PCA works by transforming the axes of a dataset. For example, the original axes of a dataset might fall along X, Y, and Z; after PCA transformation, the first axis will be a linear combination of all three variables (such as X+2Y-3Z), the second axis will be orthogonal (at a right angle) to the first axis but also a linear combination of all three variables, and so on.

New variables are created as linear combinations of the original variables. Optimal linear combinations are discovered using the eigenvectors and eigenvalues of the original data. Singular value decomposition, a technique from linear algebra, may be used to divide the original dataset into three matrices containing the eigenvalues, eigenvectors, and transformed data points of the original matrix. The eigenvectors are the transformed linear combinations, the eigenvalues describe the explained variance (informative significance) of the eigenvectors, with the highest eigenvalues being the most significant. After determining the optimal linear combinations, insignificant factors may be discarded, and the complexity of the problem is significantly reduced.

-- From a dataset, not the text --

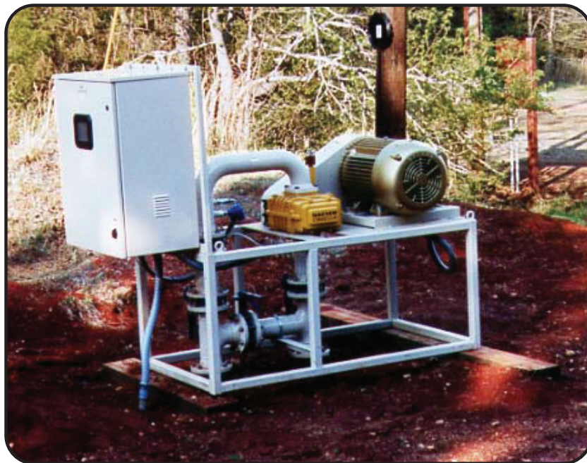
GB-40 Gas Blower at work in Alabama.

Most operators of GB-40 Series have realized increased gas production volumes great enough to offset the initial investment in the first 60–90 days.

When might PCA be useful? Variables within a dataset may lie along arbitrary axes that are not necessarily convenient for modeling, depending on how the data is collected. In many cases, more accurate models can be achieved when the choice of axes is optimized. Furthermore, some variables (or transformed axes) may be removed from consideration if they do not add a meaningful amount of information to the problem. Or PCA might be used as a data exploration technique, as it helps determine which factors typically contain the same information.

The scikit-learn library may be used to perform PCA on the abalone dataset from the previous blog post. First, a model will be built with 10 principal components, the same as the number of variables.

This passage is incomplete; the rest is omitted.